How to Code and Write an Analysis from Qualitative Interview Transcriptions

How to Code and Write an Analysis from Qualitative Interview Transcriptions

Qualitative interviews can provide a wealth of insights, but they also come with a significant challenge: organizing and analyzing the data. This article delves into the step-by-step process of coding qualitative interview transcriptions and writing a comprehensive analysis. Whether you are a researcher, a marketer, or a journalist, these guidelines will help you structure your work more efficiently and effectively.

Starting with a Research Question

A clear research question is crucial when working with qualitative data. It helps you focus on what you need to find out, ensuring that you don't get lost in a sea of potential information. For instance, your research question could be:

In which parts of the world do people most frequently discuss climate change? In which parts of the week do people experience the highest levels of stress? In which parts of the body do people feel the most pain?
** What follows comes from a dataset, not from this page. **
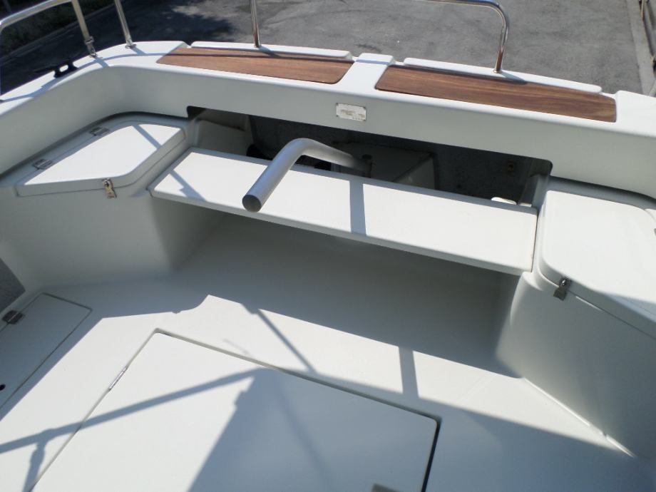Izvrstan fisherman sa ogromnim krmenim prostorom za sportski ribolov, kabina sa 2-3 ležaja, krmeni bimini top, velika platforma sa ljestvama , Garmin fishfinder, VHF , bazen za živu ješku, kormilo u krmi , klupa u krmi, brod je u iznimno dobrom stanju, samo 800 sati rada, upravo ispoliran, novi antifouling i cinkovi, močan i pouzdan Nanni diesel.

Having a specific question guides your coding process and ensures that your analysis is relevant and impactful.

Checking the Scope of Interest

Once you have a research question, it is essential to check the scope of your inquiry. This step ensures that your question is broad enough to capture valuable insights but specific enough to yield actionable results. A useful method is to identify the major themes in your source material. For example, if you are analyzing Trump's acceptance speech, you might find themes such as 'people', 'verbs of action', 'tangible content', 'emotional expressions', etc.
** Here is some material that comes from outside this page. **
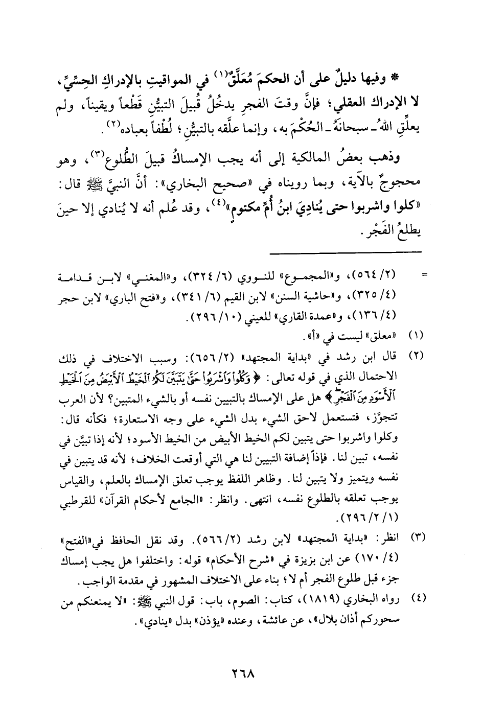(¬2) قال ابن رشد في "بداية المجتهد" (2/ 656): وسبب الاختلاف في ذلك الاحتمال الذي في قوله تعالى: {وَكُلُوا وَاشْرَبُوا حَتَّى يَتَبَيَّنَ لَكُمُ الْخَيْطُ الْأَبْيَضُ مِنَ الْخَيْطِ الْأَسْوَدِ مِنَ الْفَجْرِ} هل على الإمساك بالتبيين نفسه أو بالشيء المتبين؛ لأن العرب تتجوَّز، فتستعمل لاحق الشيء بدل الشيء على وجه الاستعارة؛ فكأنه قال: وكلوا واشربوا حتى يتبين لكم الخيط الأبيض من الخيط الأسود؛ لأنه إذا تبيَّن في نفسه، تبين لنا. فإذًا إضافة التبيين لنا هي التي أوقعت الخلاف؛ لأنه قد يتبين في نفسه ويتميز ولا يتبين لنا. وظاهر اللفظ يوجب تعلق الإمساك بالعلم، والقياس يوجب تعلقه بالطلوع نفسه، انتهى. وانظر: "الجامع لأحكام القرآن" للقرطبي (1/ 2/ 296).

Organizing Your Raw Material

Before beginning the coding process, it's wise to organize your raw material. This involves separating the essential content from metadata. Keep the questions outside as metadata and the answers inside. For instance, keep the name of the interviewer and the interviewee separate from the transcribed responses. Avoid including page numbers, as they can distract you from the main content.

Coding - The Big Job

Coding can be a daunting task, but it is an essential step in the analysis process. The challenge often arises from the lack of productive solutions and cooperation among coders. Think of it as a team effort, where each person focuses on a specific aspect of the analysis, much like a group of professionals working together to achieve a common goal.
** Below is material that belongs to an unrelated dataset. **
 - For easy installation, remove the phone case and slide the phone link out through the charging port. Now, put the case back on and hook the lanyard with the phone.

One approach to making the coding process more manageable is to use pre-existing codes or a pre-built topic structure. These structures help you recognize relevant themes and organize your analysis more systematically. For example, a built-in topic structure might include names of countries, cities, regions, and other relevant geographic information.

Developing Your Own Code

While using pre-existing codes is beneficial, you may occasionally need to develop your own codes. This is particularly true when your research question requires specific focus areas that are not covered by the pre-existing codes. To create your own code, follow these steps:

Research Question Focus: Ensure that your code can recognize the relevant themes related to your research question. For instance, if you are focusing on geography, your code should be able to identify key regions, countries, and cities. An example would be a code that categorizes responses based on geographical regions. Structuring Your Code: Organize your code hierarchically. This means that some elements will be parents, and others will be children. Create a structure that allows for a nested organization, similar to a family tree. An example would be a hierarchy like: Continent > Country > City > Topic.

Intersection Analysis

Once you have organized your codes, you can conduct intersection analysis to identify patterns and co-incident themes in your data. This method helps you compare and contrast different elements within your source material. For instance, if your research question intersects sports and specific countries, you can analyze quotes where these elements coincide.

An example of intersection analysis is when you find quotes related to soccer and Brazil. You can explore the co-incident references and delve into the 71 quotes where soccer and Brazil coincide. This approach will help you identify trends and patterns that emerge from your data.

Conclusion

Qualitative interviews provide rich insights, but they require careful organization and analysis. By following these steps, you can ensure that your data is coded effectively and your analysis is thorough. Whether you are working on a research project, a marketing campaign, or a journalistic investigation, the process outlined here will help you structure your work more efficiently and effectively.